Властелин - Михайлов Владимир Дмитриевич 10 стр.


Однако это вовсе не покинутый жителями, по причине невозможности обитания в нем, район. Напротив, улица живет, особенно в вечерние часы, да и в ночные тоже. По ней идут, исчезают и вновь появляются, собираются кучками и расходятся люди. На первый взгляд они могут показаться подозрительными, но это не заговорщики, не подрыватели основ; в самом плохом случае это воровская шушера (крупные воры здесь не живут), а в большинстве – мелкие и мельчайшие чиновники, уличные торговцы, молодежь без определенных занятий, рабочие с небогатых предприятий, пенсионеры низкого ранга, короче – неизбежная и необходимая часть населения всякого большого города. Магазины тут не ослепляют витринами, но все, потребное в этом быту, купить можно без труда и недорого, пиво тоже стоит дешевле, чем в Центре или в Первом поясе. Есть даже один кинотеатр, откуда вдруг сразу повалила толпа, как бывает обычно после окончания сеанса, обмениваясь мнениями насчет только что увиденного: «А я бы на ее месте плюнула ему в рожу – после всего того, что он позволил себе!» «Проплевалась бы! – Это уже мужской голос. – Ей же некуда деваться было, или с ним – или на улицу». «А что, на улице не живут разве? Даже лучше, чем так: на улице все по-честному…» «Ну ладно, нашла, чем хвалиться!..» – ну, и так далее.

Толпа быстро растеклась по улице, и лишь небольшая кучка, состоявшая из четырех человек, задержалась близ выхода, словно затрудняясь выбором – куда же направиться сейчас, чтобы продлить отвлечение от жизни, протяжной и унылой. Четверо ничем, казалось, не выделялись из уличного люда; судя по одежде, один из них был человек сельский, близкий к почве и просторам, некогда зеленым, ныне же изрядно пострадавшим от научного прогресса, – он, похоже, не совсем уверенно чувствовал себя в мире булыжника, закрывавшего плодородный слой, и таких же булыжных лиц толпы; второй лесоруб или охотник – такое мнение возникало при взгляде на его высокие сапоги и побелевшую от долгой и постоянной носки кожаную куртку со множеством карманов, карманчиков и кармашков; третий – просто мелкий горожанин, чиновник или, скорее, ремесленник, и четвертый – отставной солдат. И лишь одно могло бы возбудить сомнения у внимательного наблюдателя: их глаза, непроницаемо-спокойные, как будто давно разучившиеся удивляться чему бы то ни было, а также (что куда важнее) бояться чего-либо на свете. Однако четверо не очень позволяли заглядывать себе в глаза, их же собственные взгляды были мгновенны и неуловимы, как неожиданный удар кинжалом.

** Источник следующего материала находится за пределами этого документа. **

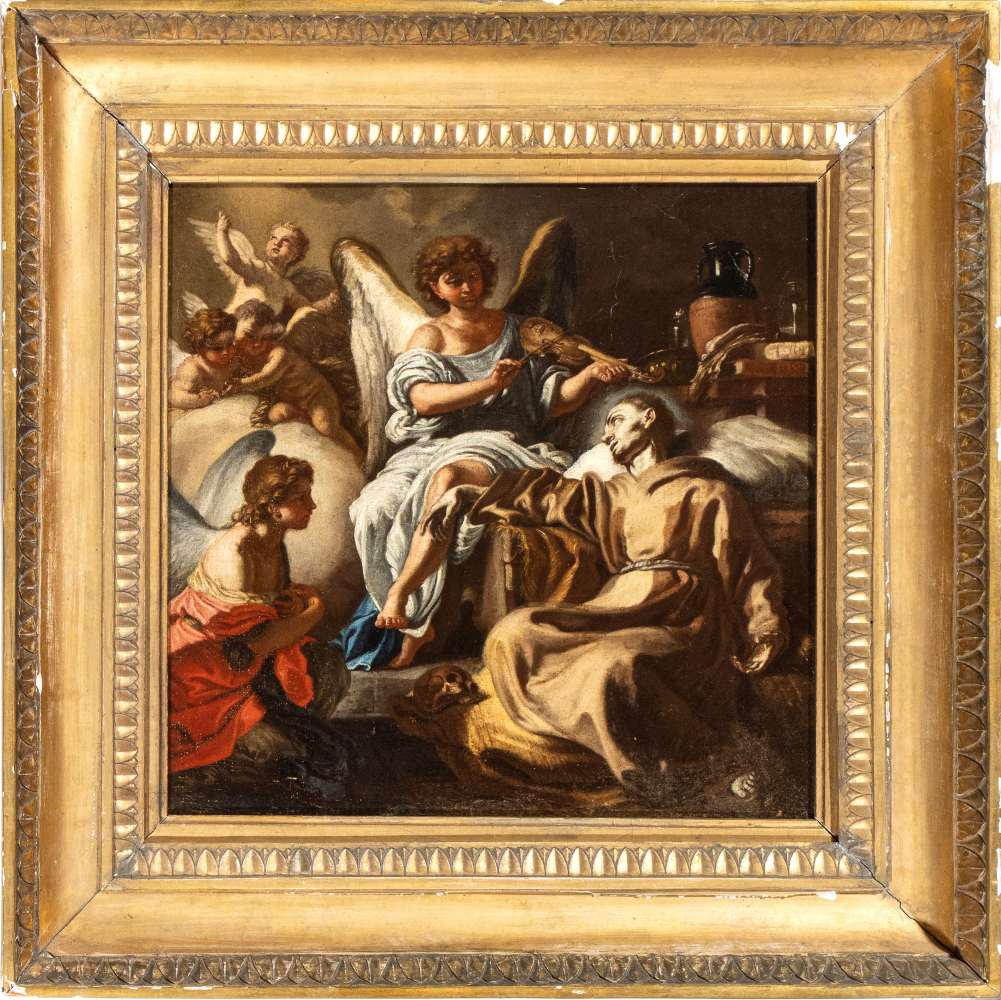 San Francesco confortato dall'angelo Olio su tela cm. 36x36. Con cornice

Итак, четверо остановились и стали негромко переговариваться. Такой локальный разговор порой вызывает опасения; но они вовсе не походили на людей, замышляющих нарушить общественный порядок, – слишком много уверенной солидности в них чувствовалось, так что смотритель улицы, дважды уже за вечер проходивший с неторопливым обходом, только внимательно посмотрел на них, успокоился, видимо, и тревожить не стал. К разговору никто не прислушивался: тут тайна разговора охранялась не менее ревниво, чем тайна переписки в более высоких кругах (здесь переписка просто не была в чести). Но если бы кто и проявил излишнее любопытство, рискуя получить в ухо, он вряд ли услышал бы что-то, способное заинтересовать искателя и распространителя слухов, – хотя говорили они, разумеется, по-ассартски, пусть и с каким-то жестким акцентом. Впрочем, может быть, именно так и разговаривают в густых и далеких лесах донкалата Рамин, расположенного там, где, как известно, зима бывает чаще, чем лето, – или же в степном и хлебном донкалате Мероз.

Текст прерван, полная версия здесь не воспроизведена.